Sir Geoff H. Palmer is an emeritus professor in brewing and distilling at Heriot-Watt University. He migrated to London from Jamaica in 1955. He gained an honors degree in botany from Leicester University in 1964, a PhD from Edinburgh University in 1967, and a doctor of science degree from the Heriot-Watt University in 1983. He worked at the Brewing Research Foundation from 1968 to 1977 and at Heriot-Watt University from 1977 until his retirement in 2005. His research work on barley, malt, and sorghum produced the abrasion process, scanning electron microscopic descriptions and chemical analyses of endosperm structure, the asymmetric pattern of endosperm modification, concepts regarding average analysis and factors that limit endosperm modification (endosperm compaction), and factors that promote endosperm modification (enzyme distribution and action). He has received various honorary doctorate degrees, was an early recipient of the American Society of Brewing Chemists (ASBC) Distinguished Research Award, and is one of the original fellows of the Institute of Brewing.
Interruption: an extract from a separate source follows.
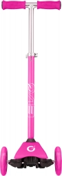 Velká přední kolečka a nízký nášlap poskytují jistotu a stabilitu na rovných površích. Gumové rukojeti příjemně sedí v ruce, zadní blatníková brzda spolehlivě zastaví a ložiska ABEC-5 se postarají o tichou, plynulou jízdu. Výškové nastavení T-bar řídítek snadno přizpůsobíte aktuální výšce dítěte.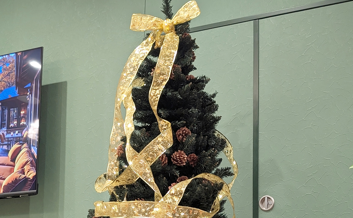 2枚目3枚目の画像は1Fフロアの談話室にあるクリスマスツリーです

Charlie Papazian is the founder and past-president of the American Homebrewers Association (1978) and Brewers Association (USA). He speaks and writes about the beer and brewing industry at numerous conferences, events, and in many publications throughout the world. Charlie has five bestselling books and his Complete Joy of Homebrewing has sold more than 1.3 million copies worldwide. He is also known for founding and continuing his work with the World Beer Cup, the Great American Beer Festival, Craft Brewers Conference, BrewExpo America, Brewers Publications, CraftBeer.com, and the magazines Zymurgy and The New Brewer
Deborah Parker manages the sensory laboratory of Marketing Sciences Unlimited, which specializes in the profiling and reformulation of consumer goods and foods. As a sensory scientist for more than 15 years, she uses her knowledge to generate and deliver high-quality value-added sensory information. She has an honors degree in biochemistry, a doctorate in brewing science from Heriot-Watt University, and a postgraduate certificate in sensory science, and is an Institute of Food Science and Technology accredited trainer. She has extensive experience and has worked with many companies globally. She is one of the few women who are accredited as a Beer Academy sommelier.
She and her sensory team have been featured on several BBC television news and consumer interest programs, including Test House, Watch Dog, and Food Unwrapped.
Michael Partridge graduated from Heriot-Watt University in 1978 and became a diploma member of the Institute of Brewing and Distilling (IBD) in 1984. In 1995, he became a member of the IBD examinations committee acting as examiner and moderator of the Diploma Master Brewer 3 Packaging qualification. His career in the brewing and spirits industries spans more than 35 years during which he has developed a wide knowledge of all types of packaging and operational processes necessary to efficiently maintain product quality and safety.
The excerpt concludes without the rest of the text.